“You guys have Internet in this dungeon?”
He jerks a thumb towards a computer set up in the corner on a table, next to some piled-up stuff that looks like swag: new clothes, a display case of jewelry, a stack of Blu-ray players still sealed in the boxes.
“Be my guest,” he says.
I get up and walk over to the hospital bed. The doc whistles while he works. And I was right the first time—Bennett’s wound is awful. The bullet took a nasty chunk off her shoulder, the skin all gouged and blue. “You gonna be okay, kiddo?”
“I ain’t a kid.”
“You’re right. What you are is a very rich girl right now.” I pat the briefcase and set it next to her on the carpet.

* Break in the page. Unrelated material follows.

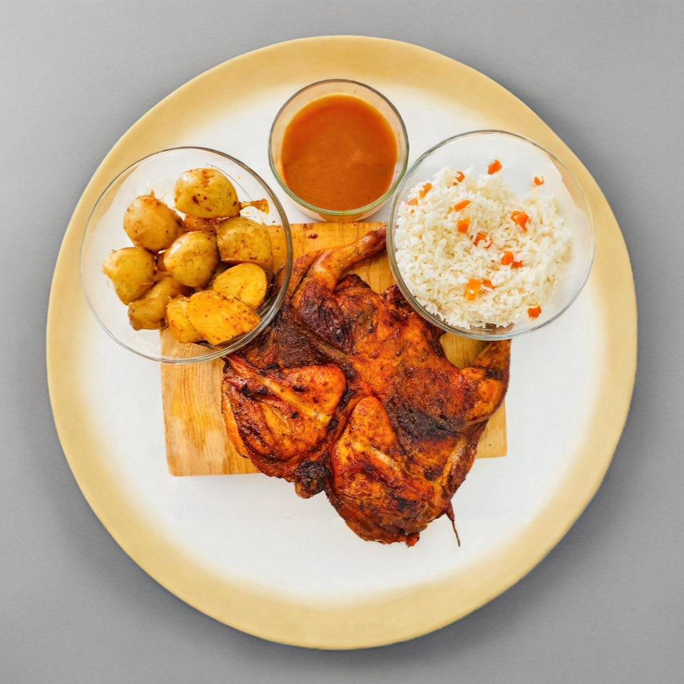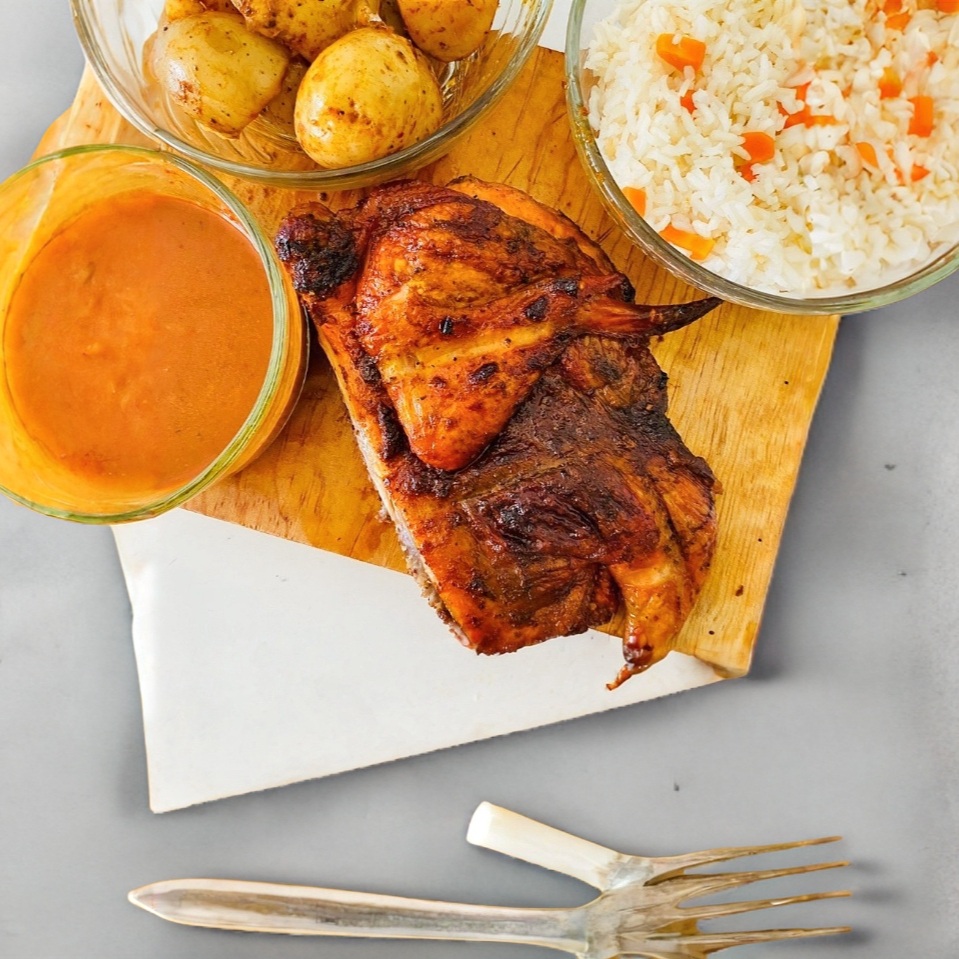 1/2 pollo adobado a la leña, con arroz, papas o cebollas y salsa

“I like that song,” she says, her voice wavering in the fog.
I narrow my eyes at her. “What?”
“Rich Girl. By Hall and Oates. I used to really love them.”
“More eighties, huh?”
“Actually . . . that’s going back to the seventies. A lot of people don’t know that about Hall and Oates. I raided my dad’s record collection a lot.”

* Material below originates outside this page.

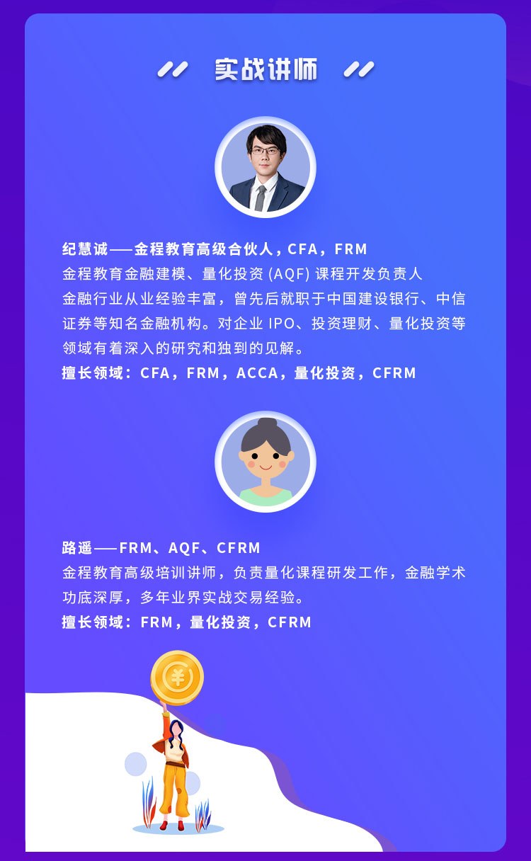 金程教育資深培訓(xùn)師,香港大學(xué)MBA,CFA/FRM持證人,金程教育Excel金融建模、量化投資課程開發(fā)負(fù)責(zé)人。

“I never knew he liked those guys. He only listened to hair metal when I was working under him.”
“People change, I guess.”
“Yes they do.”
Her dad.
My teacher.
Goddamn.
I squeeze her hand a little, looking at the doc.
“How long will it take to get her fixed up?”
“She’s in pretty rough shape,” he says, not looking up from his work. “Her wound should have been treated sooner. But she’ll stabilize in a few hours. I have to keep her under observation for at least twenty-four. Did Kim tell you how the money works?”
“No, not really. What do I owe you?”
“Five yards for the house call. Five large for the treatment. Drugs are on the house.”
I pull out a stack and peel off five bills, then another five grand. He stops working long enough to fan through the green, smiling. Rolls it up and stuffs it in his coat pockets. Slips on a new set of rubber gloves and goes back to work. His face is filled with shame and secrets, all pushed down hard. Guess she could be in worse hands.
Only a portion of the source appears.